Segment Start: Data for this task

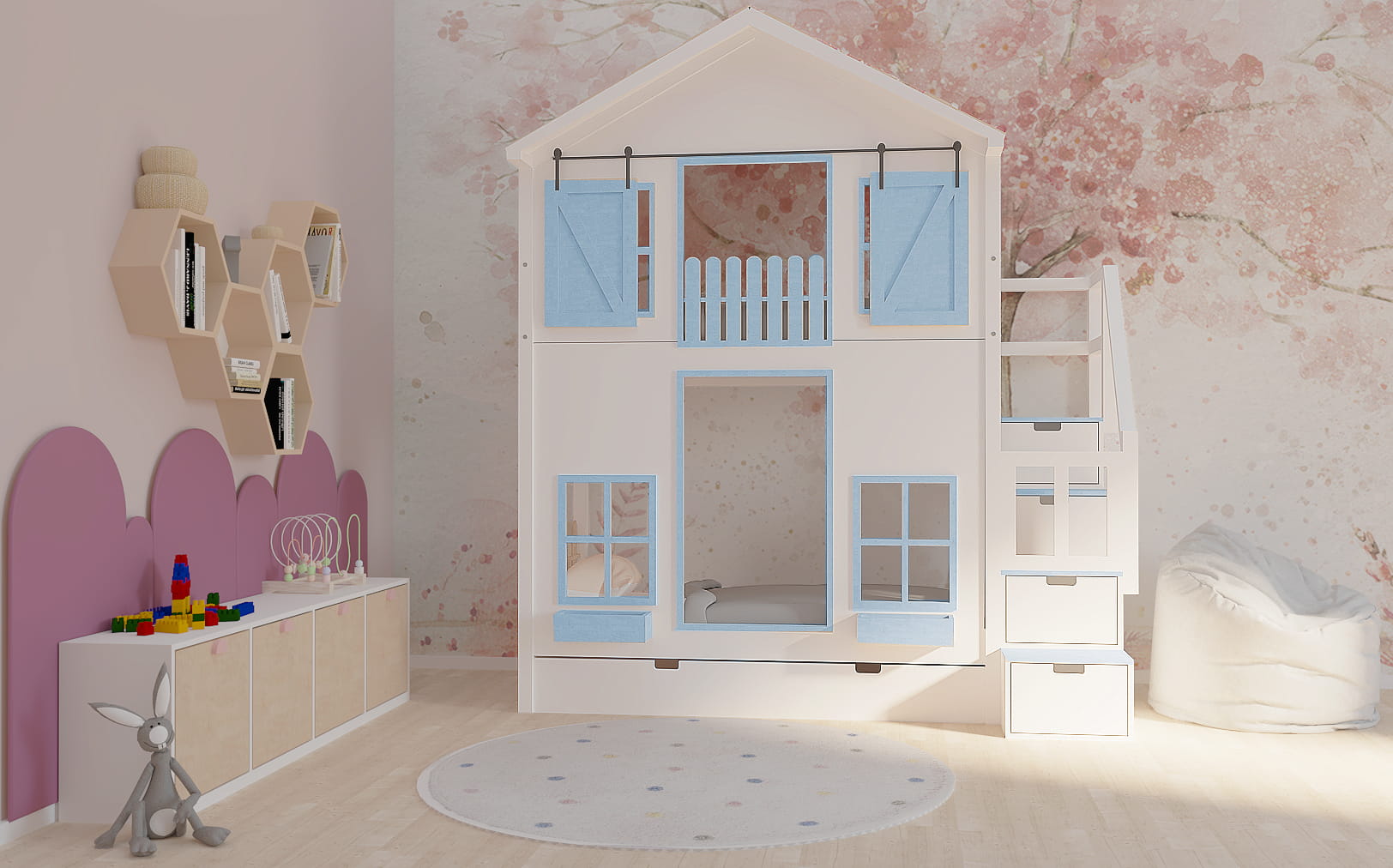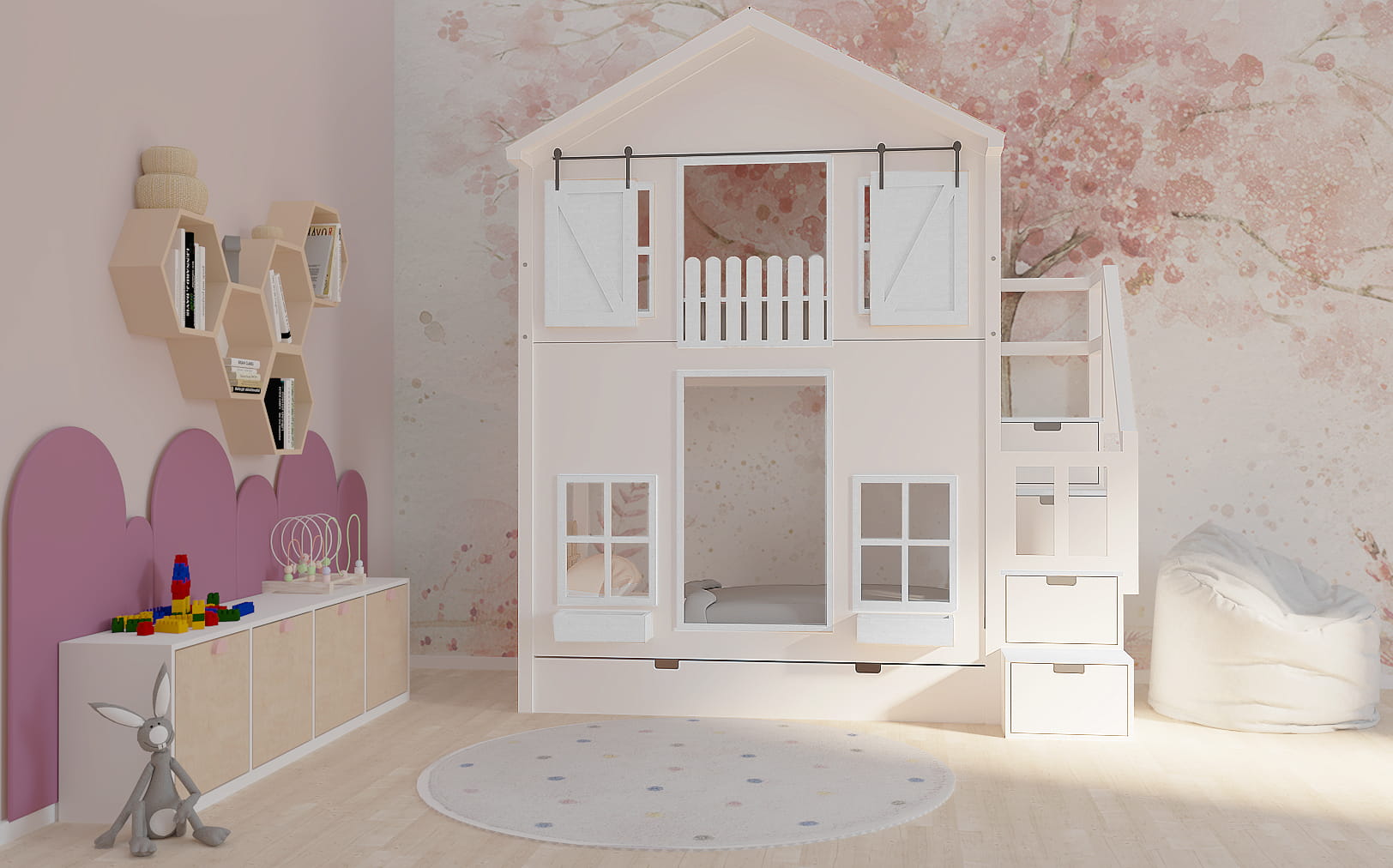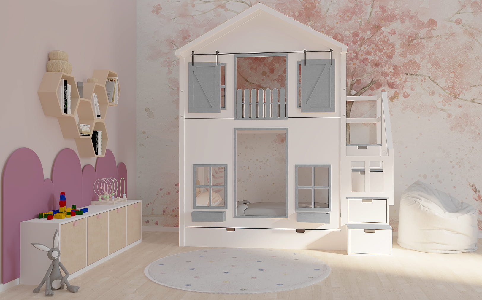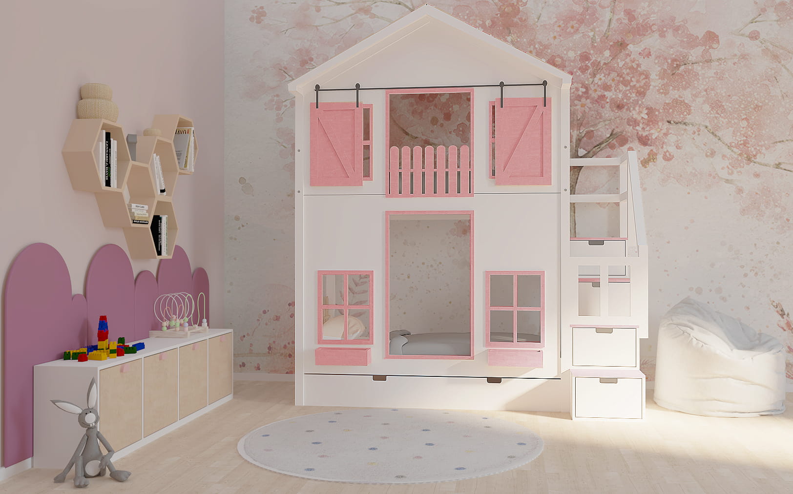 Ten uroczy drewniany mebel w zaczarowany sposób zmieni dziecięcy pokój stając się centrum wypoczynku oraz zabaw. Istnieje możliwość dopasowania go do Waszego stylu. Dzieci będą zachwycone.
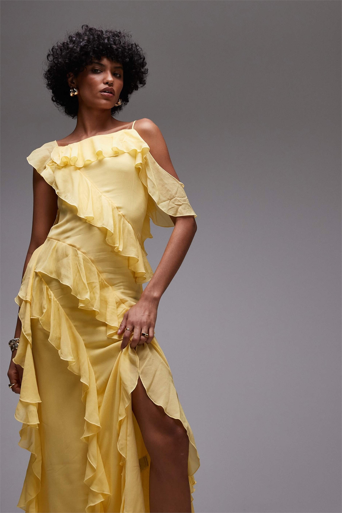Макси-платье-комбинация с многоярусными оборками и завязками на спине
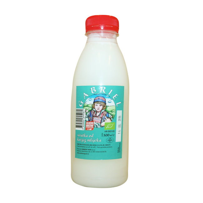kozje MLIJEKO, sirilo, sirna kultura. Zemlja podrijetla: Hrvatska. Kodni broj: HR-EKO-05, uzgojeno u Hrvatskoj. Proizvođač: Ambient Park d.o.o., Dominićev odvojak 6, Budenec, 10 360 Sesvete, Hrvatska. Uvjeti čuvanja: čuvati u hladnjaku na temperaturi do +8°C. Upotrijebiti do: otisnuto na ambalaži. Povratna naknada 50 lipa.
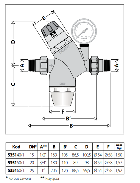 Regulator ciśnienia CALEFFI 3/4", 1-6bar, z filtrem i manometrem 535151
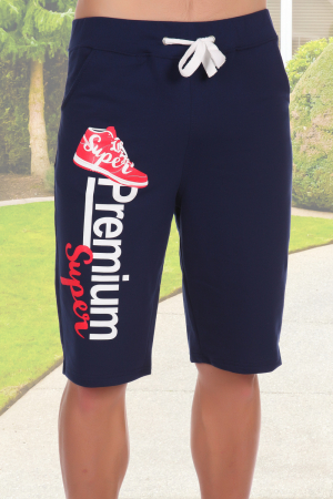 Мужские шорты из футера с лайкрой. Принт в виде кроссовка и надписи, пояс на резинке со шнурком, по бокам карманы, длина приблизительно до коленей. Могут быть парой детским шортам Кевин (продается отдельно). Две расцветки серая и синяя. Размеры от 44 до 62. Возможна розница.
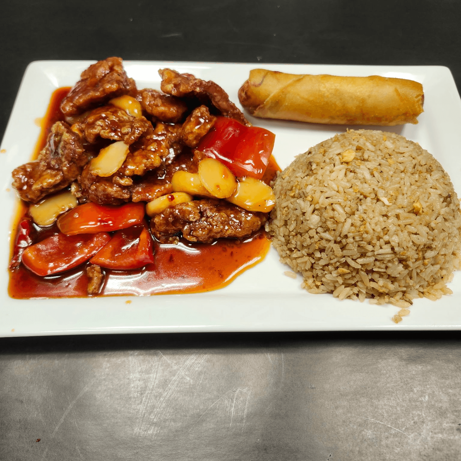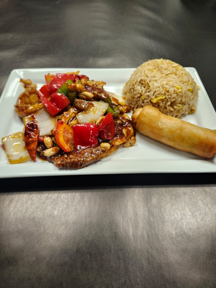 Tender beef stir-fried with crunchy cashews, bell peppers, and onions in a savory, slightly sweet sauce. A flavorful and satisfying dish.

Segment End: Data for this task

## Exercise requirements
What is needed is an exact copy of each line from the top of the data above through the line containing "Regulator ciśnienia CALEFFI", with no pictures.

## Task answer
 Ten uroczy drewniany mebel w zaczarowany sposób zmieni dziecięcy pokój stając się centrum wypoczynku oraz zabaw. Istnieje możliwość dopasowania go do Waszego stylu. Dzieci będą zachwycone.
Макси-платье-комбинация с многоярусными оборками и завязками на спине
kozje MLIJEKO, sirilo, sirna kultura. Zemlja podrijetla: Hrvatska. Kodni broj: HR-EKO-05, uzgojeno u Hrvatskoj. Proizvođač: Ambient Park d.o.o., Dominićev odvojak 6, Budenec, 10 360 Sesvete, Hrvatska. Uvjeti čuvanja: čuvati u hladnjaku na temperaturi do +8°C. Upotrijebiti do: otisnuto na ambalaži. Povratna naknada 50 lipa.
 Regulator ciśnienia CALEFFI 3/4", 1-6bar, z filtrem i manometrem 535151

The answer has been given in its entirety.